Apparently, the majority believes that evidentiary hearings are unnecessary because it can
draw “evidence” from anywhere when it comes to keeping relief via a writ of error coram
nobis “an extremely rare remedy.”
II. Coercion
The majority correctly notes that to prevail on a claim of a coerced guilty plea, the petitioner
must establish that the plea resulted from fear, duress, or threats of mob violence. Hall v.
State, 2018 Ark. 319, 558 S.W.3d 867. Certainly Mr. Hayes alleged that during his
confinement, he was subjected to considerable duress. He alleged that he was denied food,
his cell was made so cold that his toilet water froze overnight, he was denied his medication
so that he experienced visual and auditory hallucinations––the floor looked like quicksand
and he heard voices––and he was kept in the dark twenty-four hours a day. He was aware
that the jailors mistreated him because he had been accused of sexually abusing a child. He
found the treatment so intolerable that he pleaded guilty to end his suffering. In my view,
this treatment went well beyond mere “pressure to plead guilty.”
Furthermore, the majority’s reliance on Davis v. State, 267 Ark. 507, 592 S.W.2d 118
(1980), is misplaced.

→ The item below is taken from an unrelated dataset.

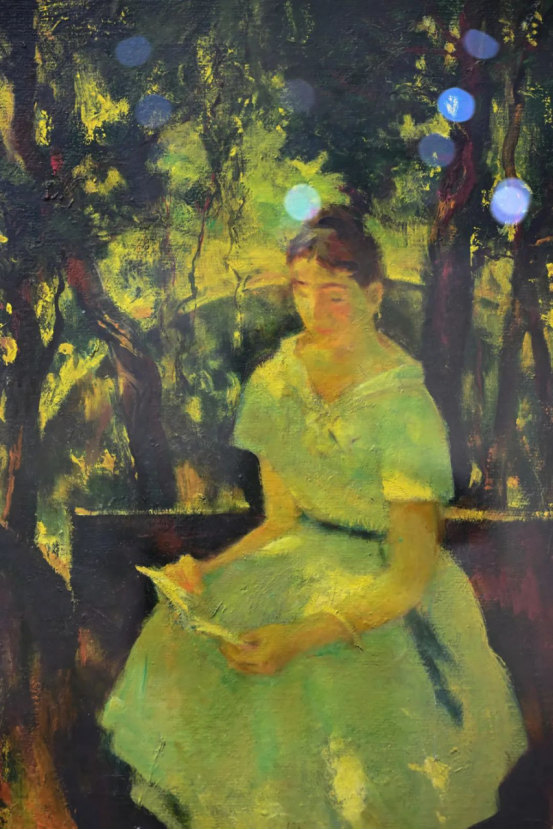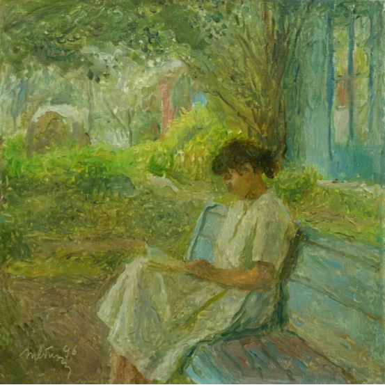 《閱讀》塔·雅勃隆斯卡婭 (烏)布面油畫,40×40cm,1996年

While it is true that Davis alleged unsanitary conditions in the jail
where he was being held as well as the denial of medical treatment, the Davis court noted
that Davis was allowed to make these allegations at his evidentiary hearing. Id. Additionally,
11 there was no suggestion in Davis that the appellant was mentally ill, as in the case before us.
Like Davis, Mr. Hayes should have been given an evidentiary hearing.
III. Brady Violation
In rejecting Mr. Hayes’s allegations of a Brady violation, the circuit court found that
[Mr. Hayes] does not state how, even if the Court were to assume that every word in his petitions are true, the so-called new evidence and/or prosecutorial misconduct would likely result in his acquittal if his petition were to be granted. Indeed, no amount of new evidence could overcome the fact that he admitted his guilt to Investigator Parsons, and, when he pled guilty, he admitted that he was in fact guilty.
Obviously, the circuit court did not apply the correct standard when evaluating Brady claims.
As the majority notes, there are three elements of a Brady violation: (1) the evidence at issue
must be favorable to the accused, either because it is exculpatory or because it is impeaching;
(2) the State must have suppressed evidence, either willfully or inadvertently; and (3)
prejudice must have ensued. Carner v. State, 2018 Ark. 20, 535 S.W.3d 634. The circuit court
imposed a total acquittal standard. But that error of law alone is not the whole story.
Contrary to the majority’s assertions, the withheld evidence was not merely some
inconsistent statements on the part of the victim. According to Mr. Hayes’s petition, the
State also withheld evidence that the Arkansas State Police Crimes Against Children
Division had found that the alleged victim had been sexually abused by her maternal
grandfather, James Randal Beck. Also, Mr. Hayes alleges that the State withheld the alleged
victim’s counseling records, which would have aided in his defense. Finally, the so-called
admissions of guilt made by Mr. Hayes in open court do not substantiate his having
12 committed first-degree sexual assault. As for his other so-called admissions, Mr. Hayes
claimed that Jesus told him to engage in sexual contact with the alleged victim. Obviously,
that was a manifestation of mental illness rather than a confession of guilt.
I would reverse and remand this case for an evidentiary hearing.
I dissent.
Stephen C. Hayes, pro se appellant.
Leslie Rutledge, Att’y Gen., by: Brad Newman, Ass’t Att’y Gen., for appellee.